A qualitative study was conducted in 2021 and here reported according to the Consolidated criteria for reporting qualitative research appropriate guidelines [24].

Setting and participants

The study involved a public research and academic hospital located in Northern Italy, characterised by 49,000 admissions per year and 1,515 beds with a staff of 6807 employees, of which 2478 were nurses. In addition, we involved three private post-acute, extensive and intensive rehabilitation hospitals, with 90 beds affiliated with the health system and equipped with 45 nurses [25]. Specifically, 11 clinical wards (three post-acute and eight academic hospital) with the mission to provide diagnosis, treatment and care of acute and post-acute internal medical patients, were considered as the setting of the study. All wards participated on a voluntary basis: the process of involvement started with the presentation of the project aims to the nurse managers. After having obtained their acceptance, an intentional sample [26] of nurses with the following characteristics were deemed eligible: (a) clinical nurses working full-time in the identified units; (b) able to understand and communicate in Italian; (c) with at least 6 months of clinical experience [9]; and (d) willing to participate in the study. Nurses with organisational roles (e.g. nurse managers) were excluded [27]. Potential participants were invited through a communication from the nurse managers and the researcher (LS) at the shift changes; at the end, 56 nurses provided their contact details to participate.

Data collection process

The research team (see authors) developed a scenario (Table 1) to stimulate nurses to think and define priorities regarding preventive and managerial interventions needed. The main questions to investigate the reasons influencing the prioritisation were developed according to the available evidence [28] (Table 2). The scenario was provided prior to the meeting, whereas the interview questions were not shared with participants in advance. After obtaining the consent to participate in the study, interviews were scheduled between May and June 2021. All meetings took place online, via the Zoom platform. Each meeting lasted approximately 105 min (range: 90–120 min). 19 meetings were conducted by two researchers (LS, NVU), where the participants ranged from one to seven. The researchers act as observer (NVU) and interviewer (LS), respectively. Audio-visual recordings and in-the field notes were collected to capture all details [29]. The participants were asked to classify the preventive (first sub-scenario) and the managerial (second sub-scenario) interventions by indicating their priorities; for each priority, the underlying reasons were asked, and the reasons freely reported were audio-recorded. A short questionnaire was administered to collect some socio-demographic and professional data.

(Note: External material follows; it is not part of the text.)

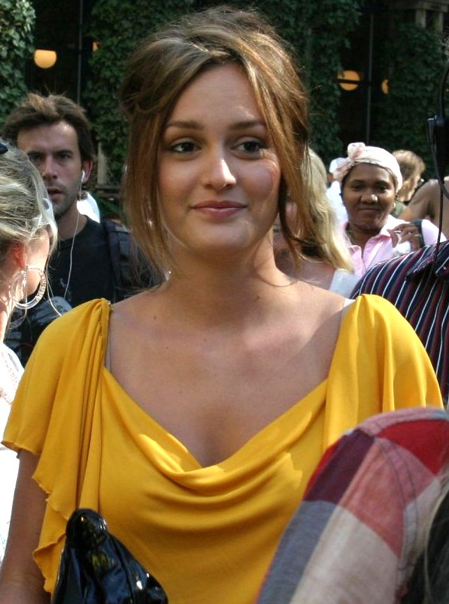 Leighton Meester at the Bryant Park September 2008 for New York Fashion Week Spring/Summer 2009.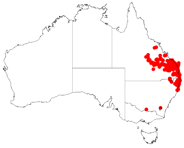 Acacia complanata Occurrence data from Australasia Virtual Herbarium downloaded from on 8 December 2018

Table 1 The scenario of Mrs. M
Table 2 Interview guide for clinical nurses: steps and processes

Data analysis

Quantitative data from the socio-demographic questionnaire was summarised with frequencies, percentages, means and standard deviations/Confidence of Interval (CI; 95%) using Statistical Package for Social Science, version 25. The qualitative data were thematic analysed through the following steps [30].

Step 1: Transcription, familiarization with the data, and selection of quotations

One researcher (NVU) transcribed verbatim all the interviews, and a second researcher (LS) checked the accuracy of the transcriptions. Subsequently, three researchers (SC, LS, NVU) independently familiarised themselves with the data by re-reading the transcription several times.

Step 2: Selection of keywords

Three researchers (SC; LS; NVU) independently identified the keywords from the text according to their capacity to depict and encapsulate the key concepts as emerging from the transcripts. Then, they compared the key words reaching an agreement.

Step 3: Coding

The three researchers (SC; LS; NVU) already involved in the previous steps identified the codes, i.e. short phrases or words explaining the central meaning of the data around the keyword identified.

Step 4: Theme development

Then, the same researchers (SC; LS; NVU) started a careful analysis of the identified codes to initiate a detailed interpretation of them and create themes, considering the aims of the study.

Step 5: Conceptualization through interpretation of keywords, codes, and themes

The researchers (SC; LS; NVU) completed the conceptualisation phase: the themes were described, and sub-themes identified by checking their consistency with the codes and the keyword selected in the previous steps.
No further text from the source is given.